Thursday, October 2, 2008

Dealer takes all

I had a little car emergency last week. Young Son and I were headed out on our regular weekday morning business when Old Green, my '97 Camry, decided it wasn't going to start. Fueled by sheer hysteria, I kept cranking, and after a couple of curse-laced moments the engine graced me by starting. Too terrified to turn it engine off, I dropped off Young Son and drove straight to The Dealership.

I must confess: I hate The Dealership. They are the only Toyota dealer in town. I know they overcharge and oversell, but since I don't speak the magic language of automobile repair, I've lacked the confidence to strike out into the wilderness of independent shops. Call me whatever, but I do believe my congenital lack of a Y chromosome does still, even in 2008, put me at a disadvantage in that culture. So even though The Dealership repelled me, I reasoned that they would not risk losing me as a potential future car buyer by totally screwing me over.

Hey, I didn't say it was sound reasoning.

En route I had a phonecon with Mr. B, who grew up in an old-timey service station way back when they used to milk the dinosaurs to get the gas for the pumps. He suggested it could be a problem with the starter. I relayed that info to the service rep at The Dealership, trying hard to act like I understood what was coming out of my mouth. The rep opened my tab for the day with the $100 diagnostic charge, hooked me up with a ride to work, and sent me on my way.
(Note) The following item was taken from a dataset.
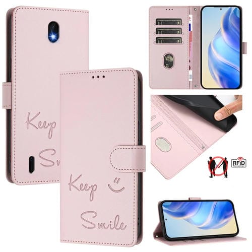 Funda de Cuero Rfid con Relieve Sonriente para Nokia C01 Plus/C1 2.ª Edición (Rosa)
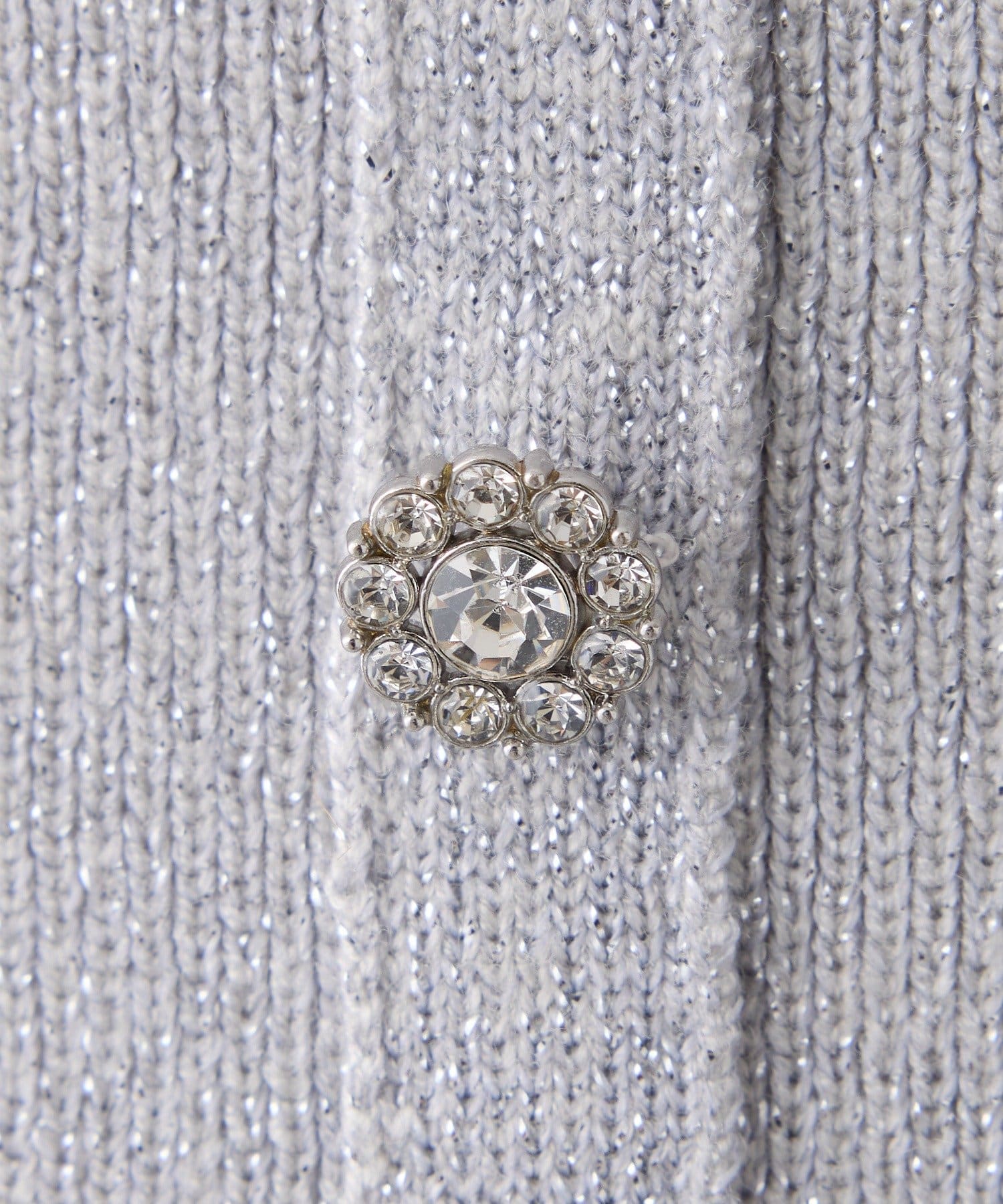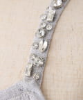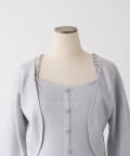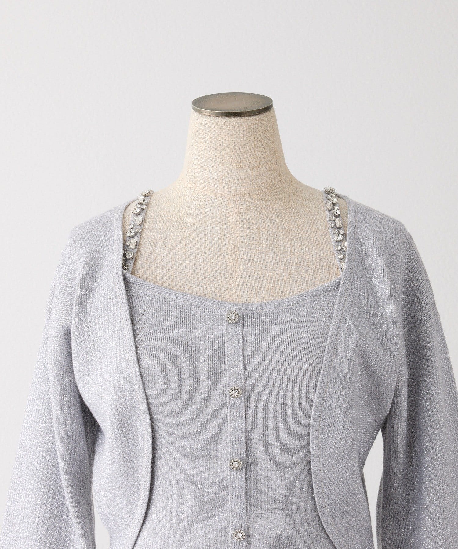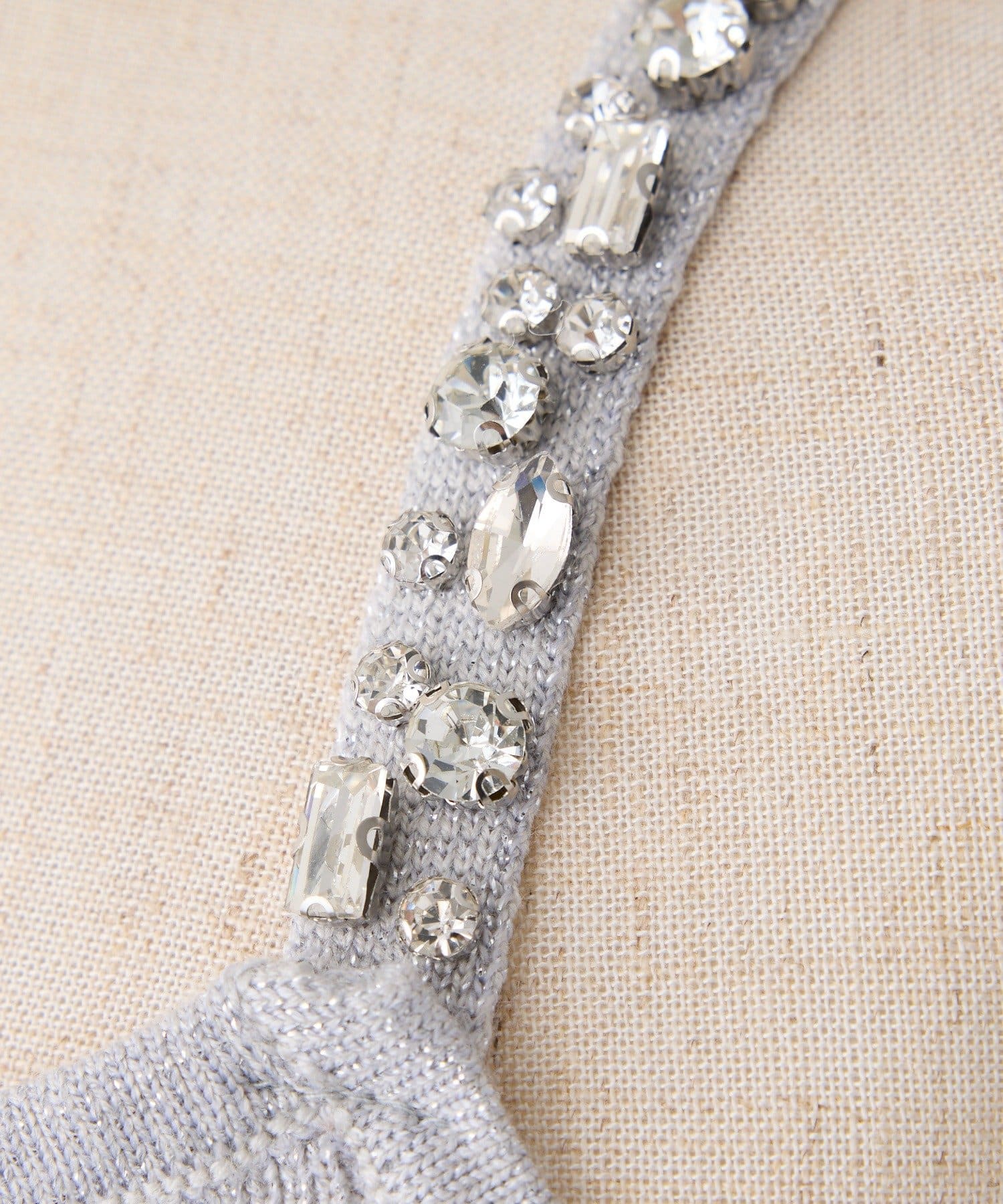 キラキラのビジューをあしらった肩デザインがポイントのニットキャミと、

Didn't take too long to get The Call. As predicted, there were contacts in the starter that needed to be replaced. Yes, they could do it that day. Of course there was a list of other 'recommended' maintenance items long enough to make my eyes glaze over and costly enough to make my bowels move. Somehow I mustered enough spine to decline.
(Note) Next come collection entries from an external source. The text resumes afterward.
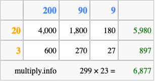 That's all there is to it! As you can see from the box above, the answer to 299 times 23 using the box method is 6,877.
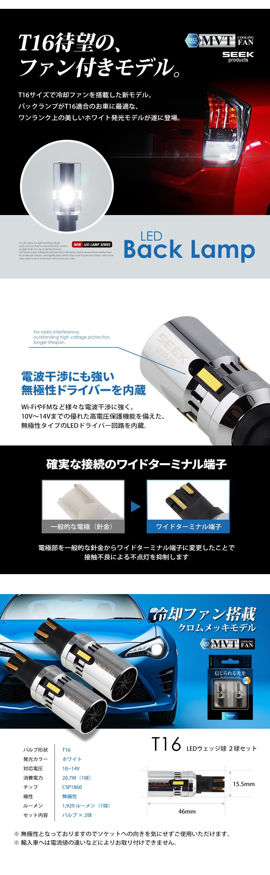 メッキボディ MVTシリーズ (T16) 冷却ファンを搭載したT16LEDバルブの進化系。新たに高級感漂うメッキボディを装着し新登場。バックランプ専用(爆光モデル)、ウインカー専用(抵抗内蔵)の2色展開。(形状:T16)(カラー:ホワイト、アンバー)※参考画像:ホワイト メーカー希望小売価格 7,980円(税込) ↓ 割引価格で絶賛販売中 ↓ T16 バックランプ用 ホワイト発光 バックランプ Yahoo!ショッピング 楽天市場 T16 ウインカー用 アンバー発光 ウインカー Yahoo!ショッピング 楽天市場 << 前のページに戻る
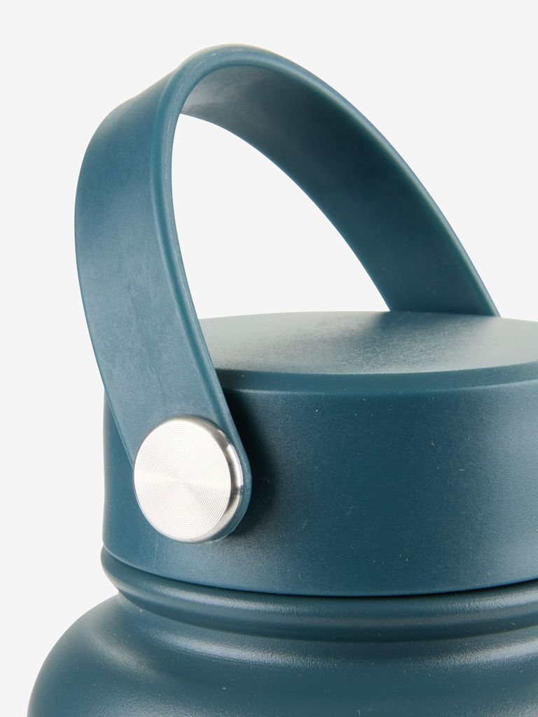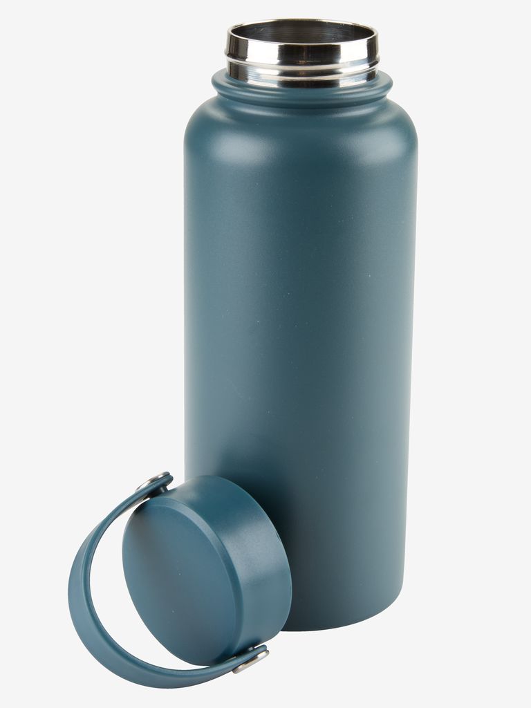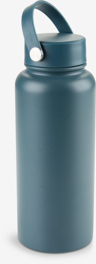 1 Liter Thermotrinkflasche in stilvollem Petrolblau, ausgestattet mit einem praktischen Griff. Die Flasche hält Getränke stundenlang heiss oder kalt und ist damit ideal für Pendler, Sport und Outdoor-Abenteuer. Spülmaschinenfest. Ø9 x H24 cm

I picked up the car after work and was greeted with a $400 total and a detailed explanation of the other recommended items. The rep said it looked like the water pump had been leaking and should be replaced soon, and if you do the water pump of course you should do the timing belt, which was about due anyway. The total for that plus a coolant flush (which I knew I needed) was $830. And, BTW, that oil leak I had mentioned to him was coming from the valve cover gasket, which could be fixed for the low, low price of $170. Compared to the $830, that didn't seem too bad. And it brought the total to a nice round $1000 -- gak! Pale and shaking, I paid The Dealership its $400 and got the hell out of there.

The water pump thing kind of freaked me out -- I felt I had to get it taken care of pronto but shitting a grand was an issue. Then there were the large steaming wads of contempt I feel for The Dealership and their brand-new fancy super-facility with coffee bar and marble floors and Scion showroom and luxurious waiting area. I really really didn't want to reward them and their predatory practices with another chunk of cash. It was time to face my fears and look at going out on the town.

Mr B, knowledgeable in the ways of things automotive-ish, suggested, where you can read customer reviews of local garages. It didn't take long to find a shop nearby with recent (glowing) reviews and a certified Toyota Guy. I called on Tuesday; they had an appointment open today. We dropped off the car last night and and I can't express how heartened I was by the sight of a humble red building that looked like a real garage, with nary a coffee bar or marble floor in sight. Even Mr. B gave it the nod of approval, and he should know.I slipped the envelope with my key through the old-school mail slot in the front door, and smiled. I slept well.

I just got The Call. And guess what? My water pump isn't leaking. I can get another 10K miles out of my timing belt. Yeah, my coolant looks like coffee, but it'll only cost $60 to flush-and-fill, less than half of what the dealership quoted me. The valve cover gasket? They can fix it for $85, compared to $165 at the dealership.

So instead of $1000, my bill today will be less than $200 all told. Around the end of the year, when it comes time to deal with the timing belt and water pump, I'll be dropping Old Green at the shabby yet tidy red building. And even if they charge the same price as The Dealership, I will write that check with a big fat smile on my face and a song in my heart.

Here's a hearty 'fuck you and the marble floors you sit on', Dealership!


  1. Woo hoo! way to find an independant garage that won't hose you! I'm EXACTLY the same way with our local toyota dealership....hate them, don't trust them. But after a BAD experience of "striking out on my own" for car repairs about 20 years ago when I thought it was just "routine" maintenance and would only take an hour or two, my car was in the shop for the entire day...and I sat in the shop the entire day, only to find that the bill was HUGE, they never asked me for the go ahead to do all the repairs, and I was stuck without transportation. I remember having to get a taxi to the university where J was doing homework (about a 30 minute drive), so he could come back with me a raise h*ll. sigh. I hate car repairs. I'll have to check out that site to see if they list anything north of the border.

  2. It's unscientific (very un-like me), but much like mustard is a major clue to a quality restaurant hamburger, good mechanics 1) will tell you when work is NOT needed and 2) actually do things for free. The bastages at the dealer charged Liz $50 to 'service' her battery when the thing is a sealed unit. My last well-liked mechanic cleaned my corroded battery terminals gratis. The Car Talk thing seems to have worked for us this time.